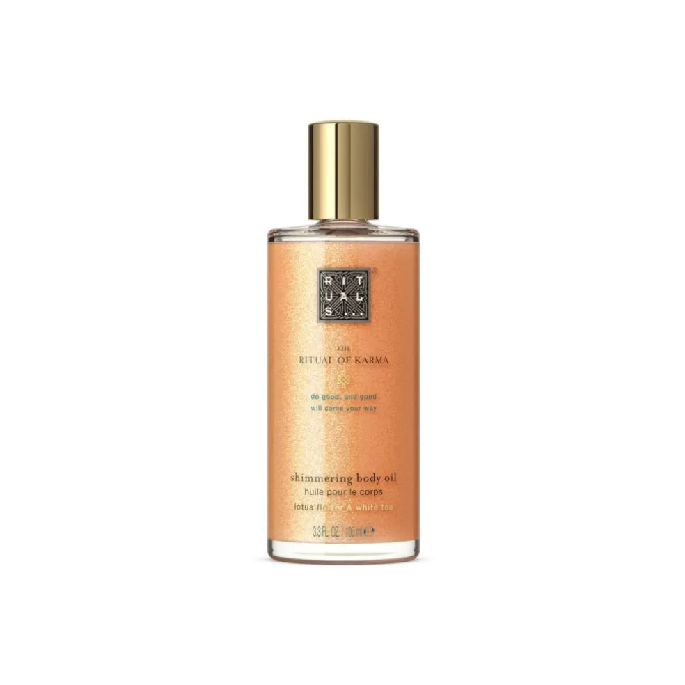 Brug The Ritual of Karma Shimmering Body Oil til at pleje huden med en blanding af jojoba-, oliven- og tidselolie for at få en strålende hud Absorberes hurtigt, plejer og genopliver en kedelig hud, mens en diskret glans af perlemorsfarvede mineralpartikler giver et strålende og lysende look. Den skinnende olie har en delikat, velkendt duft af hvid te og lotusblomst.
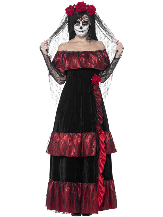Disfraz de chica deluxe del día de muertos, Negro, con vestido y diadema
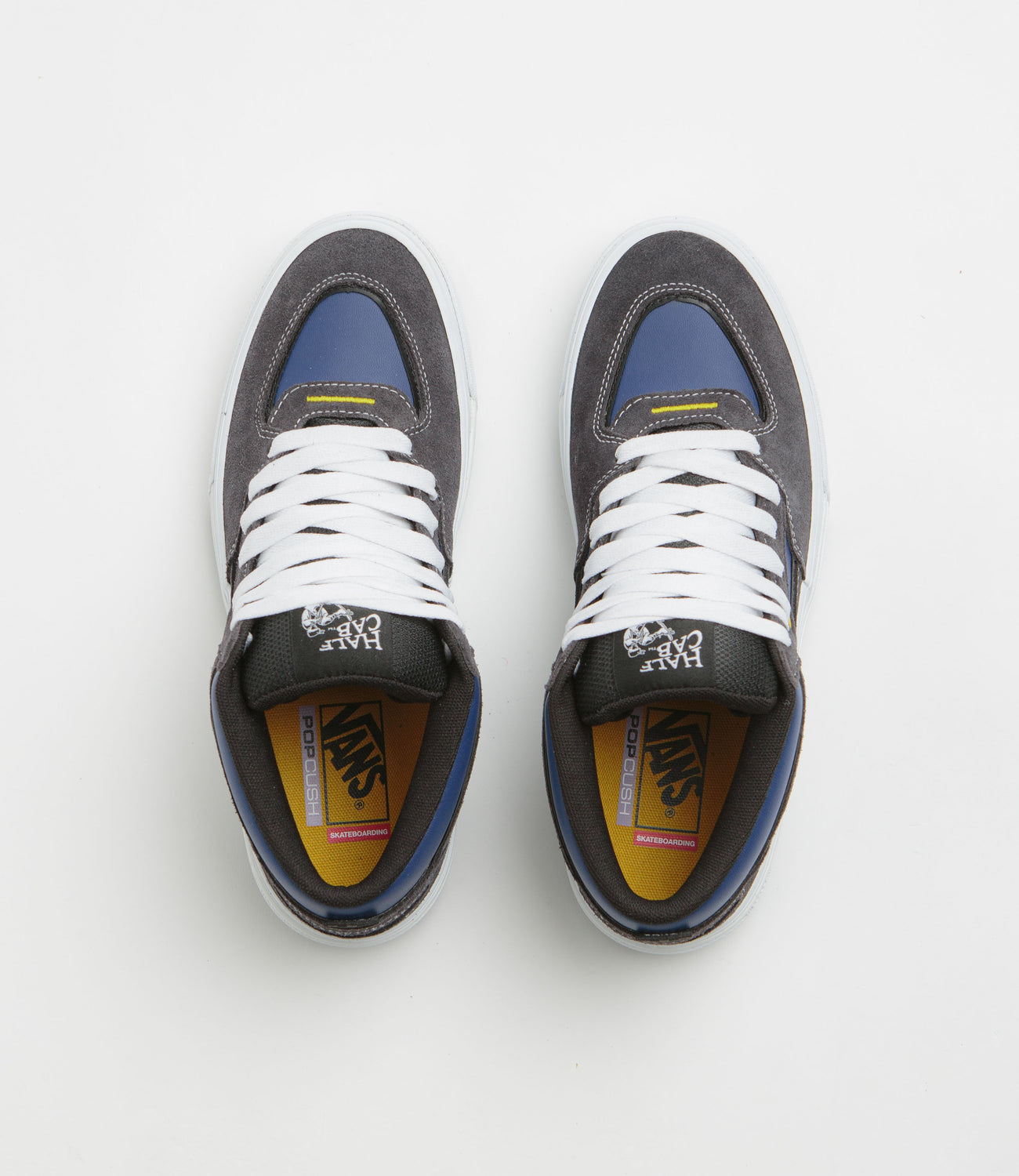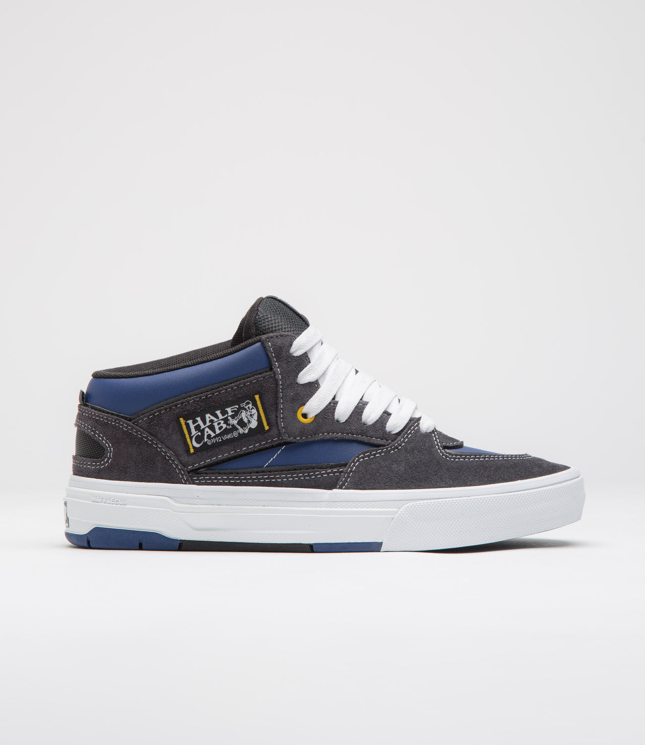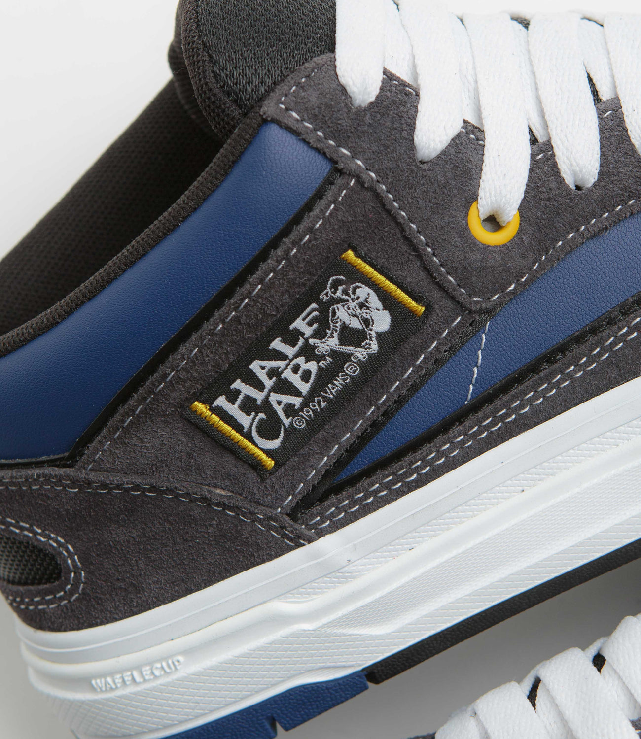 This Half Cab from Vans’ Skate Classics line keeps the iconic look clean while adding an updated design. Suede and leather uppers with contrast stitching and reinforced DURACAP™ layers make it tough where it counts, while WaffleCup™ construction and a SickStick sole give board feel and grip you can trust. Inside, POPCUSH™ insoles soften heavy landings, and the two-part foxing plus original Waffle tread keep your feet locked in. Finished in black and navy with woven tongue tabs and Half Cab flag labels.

● ● ●

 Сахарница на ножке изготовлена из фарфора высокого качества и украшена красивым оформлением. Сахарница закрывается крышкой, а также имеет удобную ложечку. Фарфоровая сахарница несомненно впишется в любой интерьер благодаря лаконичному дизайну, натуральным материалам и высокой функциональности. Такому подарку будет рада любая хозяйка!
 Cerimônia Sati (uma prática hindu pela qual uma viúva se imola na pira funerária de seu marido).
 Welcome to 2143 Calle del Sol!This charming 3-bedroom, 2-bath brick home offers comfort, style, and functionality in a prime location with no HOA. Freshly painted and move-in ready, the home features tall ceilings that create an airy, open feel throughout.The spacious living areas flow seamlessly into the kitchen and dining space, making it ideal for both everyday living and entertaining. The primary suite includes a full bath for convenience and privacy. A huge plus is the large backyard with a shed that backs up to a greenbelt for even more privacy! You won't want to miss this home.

● ● ●

Above are the records. Copy only the lines from the one with "Brug The Ritual" through the one with "Disfraz de chica", exactly, with no pictures.

_Answer for this exercise_:
 Brug The Ritual of Karma Shimmering Body Oil til at pleje huden med en blanding af jojoba-, oliven- og tidselolie for at få en strålende hud Absorberes hurtigt, plejer og genopliver en kedelig hud, mens en diskret glans af perlemorsfarvede mineralpartikler giver et strålende og lysende look. Den skinnende olie har en delikat, velkendt duft af hvid te og lotusblomst.
Disfraz de chica deluxe del día de muertos, Negro, con vestido y diadema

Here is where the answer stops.